The child between the ages of six and twelve years can do little to aid in his support, and during this time should be in school whenever the public schools are in session. A less requirement as to number of weeks should be made for children between the ages of twelve and sixteen, say twelve to sixteen weeks per annum. In addition to the above, children between the ages of twelve and sixteen years should be required to attend school whenever not regularly employed.

REQUISITES TO THE ENFORCEMENT OF A COMPULSORY EDUCATION LAW.

To make the enforcement of a compulsory education law possible, the following must be provided:

1. A sufficient number of school buildings, school seatings, and teachers, a large increase over the present supply. Greater New York finds the lack of school room a great obstacle to the enforcement of the most excellent law for the State of New York.

2. Means for physical care during school age of children whose parents are not able properly to care for them,- an extension of the parental function of the State.

3. Laws prohibiting the employment of child-labor between certain ages and restricting it between other ages.

4. Ungraded schools, where pupils may be given more individual attention and be permitted to associate with other children of their own age. The boy of fifteen will not do good work in a second grade with children from seven to nine years of

age.

5. Truancy schools for the instruction of incorrigibles, children who are not submissive to proper authority.

6. Truancy officers, whose business is to see that all children between certain ages are in school.

7. Punishment for the parent, employer of child-labor, or truancy officer for each violation of the laws for compulsory education or the protection of child-labor.

CONCLUSIONS.

To sum up the foregoing discussion of remedies, the immediate remedies which are at present feasible, and which under present conditions would be the most effective if enacted, are the following:

1. A compulsory education law requiring attendance at school between the ages of six and twelve, and whenever not regularly employed between the ages of twelve and sixteen.

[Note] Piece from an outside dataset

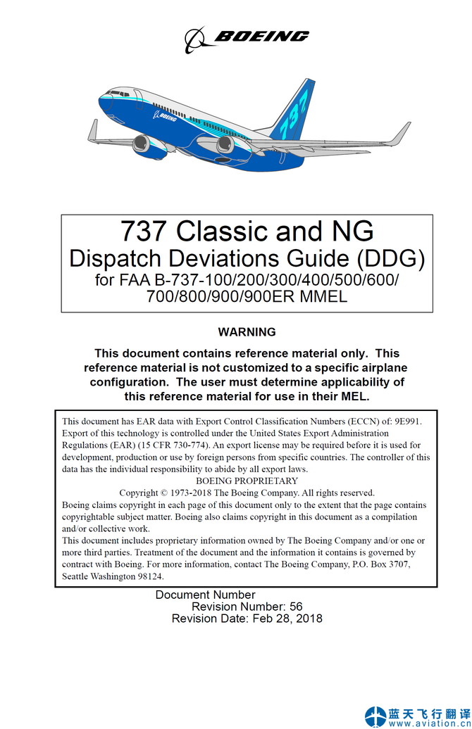北京藍(lán)天飛行翻譯公司承接航空公司波音737經(jīng)典型和737NG放行偏離指南(DDG)及主最低設(shè)備清單(MMEL)翻譯任務(wù) Boeing 737 Classic and NG Dispatch Deviations Guide (DDG) and Boeing 737 Master Minimum Equipment List (MMEL) Translation
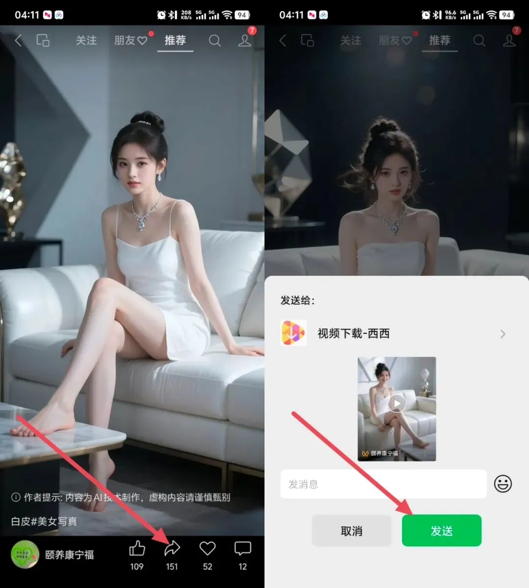 ① ➡️ 进入视频号,找到你喜欢的视频,点击“转发”按钮;选择“转发给朋友”,发送给视频下载机器人。

Such a law would give the child who merely complied with its requirements all the work of the grammar grades instead of less than three years, as is now the case. Such a compulsory education law should be supplemented by child-labor laws, and laws for the physical support of children by the State, when necessary, during the period of compulsory school attendance, and laws for the provision of truancy and ungraded schools.

2. An increase in the number of public kindergartens, thus permitting many to begin their schooling two years earlier.

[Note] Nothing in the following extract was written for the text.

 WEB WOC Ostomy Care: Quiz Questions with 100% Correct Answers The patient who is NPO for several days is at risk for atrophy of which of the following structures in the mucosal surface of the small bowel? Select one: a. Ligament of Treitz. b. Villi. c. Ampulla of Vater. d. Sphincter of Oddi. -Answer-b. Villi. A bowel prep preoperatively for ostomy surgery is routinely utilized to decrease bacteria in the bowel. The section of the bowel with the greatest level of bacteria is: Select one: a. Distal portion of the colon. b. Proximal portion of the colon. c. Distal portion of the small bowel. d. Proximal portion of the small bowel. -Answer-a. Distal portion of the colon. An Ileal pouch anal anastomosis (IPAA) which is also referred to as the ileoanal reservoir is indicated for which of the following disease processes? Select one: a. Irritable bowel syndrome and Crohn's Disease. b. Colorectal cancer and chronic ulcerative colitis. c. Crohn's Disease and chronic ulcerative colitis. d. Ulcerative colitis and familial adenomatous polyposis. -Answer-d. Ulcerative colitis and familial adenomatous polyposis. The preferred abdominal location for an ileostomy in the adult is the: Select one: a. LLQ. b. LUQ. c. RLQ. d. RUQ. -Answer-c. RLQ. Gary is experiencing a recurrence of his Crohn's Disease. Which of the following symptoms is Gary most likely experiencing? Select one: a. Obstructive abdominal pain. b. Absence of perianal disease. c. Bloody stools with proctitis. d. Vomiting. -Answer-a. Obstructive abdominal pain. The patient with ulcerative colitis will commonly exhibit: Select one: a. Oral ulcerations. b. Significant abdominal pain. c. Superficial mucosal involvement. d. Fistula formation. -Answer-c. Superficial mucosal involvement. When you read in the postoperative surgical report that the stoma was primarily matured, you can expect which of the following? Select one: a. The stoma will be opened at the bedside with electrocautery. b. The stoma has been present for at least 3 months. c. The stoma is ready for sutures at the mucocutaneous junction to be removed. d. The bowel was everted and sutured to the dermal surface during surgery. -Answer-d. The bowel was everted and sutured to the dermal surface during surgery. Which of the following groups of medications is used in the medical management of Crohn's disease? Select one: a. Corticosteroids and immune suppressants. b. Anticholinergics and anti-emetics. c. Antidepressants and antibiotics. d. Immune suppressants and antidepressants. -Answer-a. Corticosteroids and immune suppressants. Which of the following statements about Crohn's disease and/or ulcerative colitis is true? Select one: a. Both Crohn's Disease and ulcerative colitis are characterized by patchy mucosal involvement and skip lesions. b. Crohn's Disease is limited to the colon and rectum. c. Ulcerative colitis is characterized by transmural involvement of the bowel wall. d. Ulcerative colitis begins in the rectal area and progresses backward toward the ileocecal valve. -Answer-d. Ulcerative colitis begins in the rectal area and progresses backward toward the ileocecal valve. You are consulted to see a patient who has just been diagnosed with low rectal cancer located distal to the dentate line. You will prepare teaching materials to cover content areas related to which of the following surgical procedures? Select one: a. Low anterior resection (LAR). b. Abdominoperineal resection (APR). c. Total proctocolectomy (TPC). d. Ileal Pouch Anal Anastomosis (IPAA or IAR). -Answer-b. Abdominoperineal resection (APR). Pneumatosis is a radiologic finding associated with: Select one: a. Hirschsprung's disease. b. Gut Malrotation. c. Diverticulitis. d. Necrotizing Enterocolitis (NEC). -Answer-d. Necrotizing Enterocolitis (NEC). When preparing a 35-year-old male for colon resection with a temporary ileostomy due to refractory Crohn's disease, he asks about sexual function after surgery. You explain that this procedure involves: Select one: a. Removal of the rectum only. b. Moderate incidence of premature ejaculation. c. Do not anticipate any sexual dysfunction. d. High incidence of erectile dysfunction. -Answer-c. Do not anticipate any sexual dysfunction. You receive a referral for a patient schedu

3. The establishment of public trade schools, where children may elect to spend their time of compulsory school attendance between the ages of twelve and sixteen years.

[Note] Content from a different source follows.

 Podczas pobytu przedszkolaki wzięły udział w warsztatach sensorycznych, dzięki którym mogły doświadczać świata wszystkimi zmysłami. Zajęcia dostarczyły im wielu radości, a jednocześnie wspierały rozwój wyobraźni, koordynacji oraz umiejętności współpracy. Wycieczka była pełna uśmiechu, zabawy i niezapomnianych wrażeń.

4. A pruning and remodeling of the course of study on such a basis as will make the sociological tests of the qualifications for good citizenship and the ability of the average child the guides in determining the studies to be taught, the time to be given to each, and the amount of work to be required in any given grade. A relaxing of the grade system, so that those of the lowest rank in abilities, though not able to do the work of all the other pupils, may have the advantages of such studies and discipline in the upper grades as are most suited to their genius.

THE EDUCATIONAL VALUE OF THE

POPULAR LECTURE.

BY HENRY M. LEIPZIGER, PH.D., OF NEW YORK.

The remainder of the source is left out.